ACTION ITEM:
Records follow. Select each line holding "features".

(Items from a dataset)
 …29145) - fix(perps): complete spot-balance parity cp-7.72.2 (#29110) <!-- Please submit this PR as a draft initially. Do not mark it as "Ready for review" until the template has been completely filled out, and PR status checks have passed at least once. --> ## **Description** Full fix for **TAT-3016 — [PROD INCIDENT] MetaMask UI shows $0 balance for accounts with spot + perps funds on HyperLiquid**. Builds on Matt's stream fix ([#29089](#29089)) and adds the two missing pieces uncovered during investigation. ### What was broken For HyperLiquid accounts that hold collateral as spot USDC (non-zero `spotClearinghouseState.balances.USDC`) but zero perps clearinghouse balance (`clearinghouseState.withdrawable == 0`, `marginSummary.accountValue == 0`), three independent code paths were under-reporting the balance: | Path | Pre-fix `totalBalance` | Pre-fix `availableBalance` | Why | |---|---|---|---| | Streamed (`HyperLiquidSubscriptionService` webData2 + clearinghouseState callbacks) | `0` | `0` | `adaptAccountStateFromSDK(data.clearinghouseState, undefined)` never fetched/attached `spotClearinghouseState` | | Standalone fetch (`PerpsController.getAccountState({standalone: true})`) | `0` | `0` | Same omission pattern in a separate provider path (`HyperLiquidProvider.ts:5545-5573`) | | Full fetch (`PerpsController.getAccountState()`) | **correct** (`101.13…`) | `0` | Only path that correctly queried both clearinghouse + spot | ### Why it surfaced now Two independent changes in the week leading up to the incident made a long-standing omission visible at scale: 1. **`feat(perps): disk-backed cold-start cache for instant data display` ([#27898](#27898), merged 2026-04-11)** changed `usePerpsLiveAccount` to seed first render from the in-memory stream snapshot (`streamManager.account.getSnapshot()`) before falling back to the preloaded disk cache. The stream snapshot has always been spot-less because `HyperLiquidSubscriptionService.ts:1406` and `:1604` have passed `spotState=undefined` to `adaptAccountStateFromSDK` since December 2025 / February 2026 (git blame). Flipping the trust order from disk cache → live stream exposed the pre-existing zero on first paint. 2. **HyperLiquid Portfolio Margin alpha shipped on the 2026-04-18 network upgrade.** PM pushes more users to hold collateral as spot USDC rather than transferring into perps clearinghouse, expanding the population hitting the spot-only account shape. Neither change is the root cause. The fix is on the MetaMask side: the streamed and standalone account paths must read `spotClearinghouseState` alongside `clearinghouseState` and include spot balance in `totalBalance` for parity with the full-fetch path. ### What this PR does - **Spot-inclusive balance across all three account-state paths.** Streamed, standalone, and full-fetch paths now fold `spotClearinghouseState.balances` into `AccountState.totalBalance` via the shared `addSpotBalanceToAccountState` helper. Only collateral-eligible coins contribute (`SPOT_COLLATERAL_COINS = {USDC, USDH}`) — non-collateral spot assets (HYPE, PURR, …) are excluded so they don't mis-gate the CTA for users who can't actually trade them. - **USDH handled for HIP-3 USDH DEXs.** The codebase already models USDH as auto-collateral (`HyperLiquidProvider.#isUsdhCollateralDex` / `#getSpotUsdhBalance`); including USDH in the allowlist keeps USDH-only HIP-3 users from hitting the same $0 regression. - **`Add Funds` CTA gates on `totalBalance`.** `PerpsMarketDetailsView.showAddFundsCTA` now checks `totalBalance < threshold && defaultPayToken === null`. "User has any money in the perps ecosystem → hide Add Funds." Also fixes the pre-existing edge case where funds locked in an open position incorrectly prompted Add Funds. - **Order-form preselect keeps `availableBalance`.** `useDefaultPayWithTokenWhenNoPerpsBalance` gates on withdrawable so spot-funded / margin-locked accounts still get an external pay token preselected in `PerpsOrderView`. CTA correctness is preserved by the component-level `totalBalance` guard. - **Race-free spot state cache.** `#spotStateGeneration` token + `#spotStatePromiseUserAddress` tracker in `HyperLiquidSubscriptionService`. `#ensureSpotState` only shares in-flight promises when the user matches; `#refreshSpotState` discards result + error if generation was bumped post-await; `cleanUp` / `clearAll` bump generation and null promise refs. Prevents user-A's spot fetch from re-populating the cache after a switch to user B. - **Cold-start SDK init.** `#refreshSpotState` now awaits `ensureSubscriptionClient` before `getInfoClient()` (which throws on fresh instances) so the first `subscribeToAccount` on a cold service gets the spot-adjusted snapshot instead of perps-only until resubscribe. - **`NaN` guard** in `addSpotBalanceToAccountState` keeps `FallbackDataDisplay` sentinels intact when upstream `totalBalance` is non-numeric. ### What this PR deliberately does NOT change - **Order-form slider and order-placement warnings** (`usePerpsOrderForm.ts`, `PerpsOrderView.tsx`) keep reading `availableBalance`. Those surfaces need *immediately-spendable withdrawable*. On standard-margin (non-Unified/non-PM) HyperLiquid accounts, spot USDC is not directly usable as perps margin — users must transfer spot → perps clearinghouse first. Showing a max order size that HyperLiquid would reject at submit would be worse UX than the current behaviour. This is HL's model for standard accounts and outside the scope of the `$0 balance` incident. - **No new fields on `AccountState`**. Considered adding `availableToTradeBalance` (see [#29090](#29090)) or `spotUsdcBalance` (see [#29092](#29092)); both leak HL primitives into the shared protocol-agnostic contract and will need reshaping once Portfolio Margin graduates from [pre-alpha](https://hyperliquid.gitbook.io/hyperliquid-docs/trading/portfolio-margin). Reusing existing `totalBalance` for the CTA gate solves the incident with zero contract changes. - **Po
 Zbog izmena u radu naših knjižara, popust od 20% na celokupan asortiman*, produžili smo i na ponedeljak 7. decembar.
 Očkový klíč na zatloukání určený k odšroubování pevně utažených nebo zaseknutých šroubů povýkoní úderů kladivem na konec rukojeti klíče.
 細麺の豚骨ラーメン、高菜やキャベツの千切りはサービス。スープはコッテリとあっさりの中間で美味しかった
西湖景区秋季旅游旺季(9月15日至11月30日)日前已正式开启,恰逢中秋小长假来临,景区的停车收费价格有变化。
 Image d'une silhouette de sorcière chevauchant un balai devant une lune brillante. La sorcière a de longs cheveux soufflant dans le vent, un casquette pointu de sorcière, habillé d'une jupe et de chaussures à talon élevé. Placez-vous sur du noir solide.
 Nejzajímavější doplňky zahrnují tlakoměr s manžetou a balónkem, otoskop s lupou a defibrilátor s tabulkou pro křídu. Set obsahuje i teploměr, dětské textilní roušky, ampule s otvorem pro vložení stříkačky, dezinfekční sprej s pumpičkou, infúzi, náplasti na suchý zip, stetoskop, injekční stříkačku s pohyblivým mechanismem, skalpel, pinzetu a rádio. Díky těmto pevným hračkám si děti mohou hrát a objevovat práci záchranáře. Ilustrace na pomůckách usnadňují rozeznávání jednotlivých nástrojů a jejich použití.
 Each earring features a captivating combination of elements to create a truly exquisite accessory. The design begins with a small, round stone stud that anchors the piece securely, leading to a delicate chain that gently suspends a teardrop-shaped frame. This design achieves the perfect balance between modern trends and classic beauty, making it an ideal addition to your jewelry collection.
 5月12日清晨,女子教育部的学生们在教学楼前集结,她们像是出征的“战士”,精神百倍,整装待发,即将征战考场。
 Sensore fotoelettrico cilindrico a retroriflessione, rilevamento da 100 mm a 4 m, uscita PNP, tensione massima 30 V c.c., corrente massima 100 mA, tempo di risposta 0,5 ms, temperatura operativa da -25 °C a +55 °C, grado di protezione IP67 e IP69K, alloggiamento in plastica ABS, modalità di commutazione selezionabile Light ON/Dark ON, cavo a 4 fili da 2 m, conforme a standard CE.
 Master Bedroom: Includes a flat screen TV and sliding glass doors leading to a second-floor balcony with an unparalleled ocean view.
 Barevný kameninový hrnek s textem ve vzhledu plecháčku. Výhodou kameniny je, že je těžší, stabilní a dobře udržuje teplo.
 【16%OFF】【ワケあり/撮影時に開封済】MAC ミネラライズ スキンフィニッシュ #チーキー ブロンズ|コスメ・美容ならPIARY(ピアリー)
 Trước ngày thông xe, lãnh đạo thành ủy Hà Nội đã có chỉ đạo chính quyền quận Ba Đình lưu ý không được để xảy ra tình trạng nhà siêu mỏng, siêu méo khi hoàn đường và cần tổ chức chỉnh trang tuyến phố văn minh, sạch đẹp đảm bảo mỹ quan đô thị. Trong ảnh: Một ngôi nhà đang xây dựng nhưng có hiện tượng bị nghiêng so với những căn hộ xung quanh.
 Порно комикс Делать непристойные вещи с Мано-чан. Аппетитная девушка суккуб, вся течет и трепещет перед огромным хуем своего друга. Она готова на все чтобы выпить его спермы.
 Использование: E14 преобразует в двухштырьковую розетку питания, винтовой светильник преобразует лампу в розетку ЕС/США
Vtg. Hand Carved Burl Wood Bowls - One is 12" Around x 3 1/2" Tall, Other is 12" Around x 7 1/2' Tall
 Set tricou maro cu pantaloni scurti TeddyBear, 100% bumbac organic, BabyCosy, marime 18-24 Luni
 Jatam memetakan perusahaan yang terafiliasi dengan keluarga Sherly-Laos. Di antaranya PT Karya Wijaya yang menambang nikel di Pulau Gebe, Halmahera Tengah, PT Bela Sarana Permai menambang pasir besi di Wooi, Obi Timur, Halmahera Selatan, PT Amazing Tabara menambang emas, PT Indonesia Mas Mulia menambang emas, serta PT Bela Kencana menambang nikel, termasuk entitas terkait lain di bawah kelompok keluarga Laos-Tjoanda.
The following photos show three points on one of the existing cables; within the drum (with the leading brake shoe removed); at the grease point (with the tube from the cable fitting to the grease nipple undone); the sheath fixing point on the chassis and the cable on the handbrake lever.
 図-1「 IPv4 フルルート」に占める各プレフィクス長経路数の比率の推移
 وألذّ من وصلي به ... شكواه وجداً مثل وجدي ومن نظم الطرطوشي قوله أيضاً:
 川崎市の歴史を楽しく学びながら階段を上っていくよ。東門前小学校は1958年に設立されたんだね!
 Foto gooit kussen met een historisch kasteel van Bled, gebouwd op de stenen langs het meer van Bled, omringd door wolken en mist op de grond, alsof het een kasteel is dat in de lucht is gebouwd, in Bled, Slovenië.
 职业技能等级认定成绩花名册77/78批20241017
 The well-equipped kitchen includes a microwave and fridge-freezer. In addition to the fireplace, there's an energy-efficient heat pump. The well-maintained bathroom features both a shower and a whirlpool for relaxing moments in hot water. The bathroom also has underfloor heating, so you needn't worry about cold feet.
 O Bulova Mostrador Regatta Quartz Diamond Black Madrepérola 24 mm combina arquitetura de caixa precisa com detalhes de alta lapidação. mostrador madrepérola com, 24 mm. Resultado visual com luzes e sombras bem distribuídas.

ANSWER TO THE EXERCISE:
 Each earring features a captivating combination of elements to create a truly exquisite accessory. The design begins with a small, round stone stud that anchors the piece securely, leading to a delicate chain that gently suspends a teardrop-shaped frame. This design achieves the perfect balance between modern trends and classic beauty, making it an ideal addition to your jewelry collection.
 The well-equipped kitchen includes a microwave and fridge-freezer. In addition to the fireplace, there's an energy-efficient heat pump. The well-maintained bathroom features both a shower and a whirlpool for relaxing moments in hot water. The bathroom also has underfloor heating, so you needn't worry about cold feet.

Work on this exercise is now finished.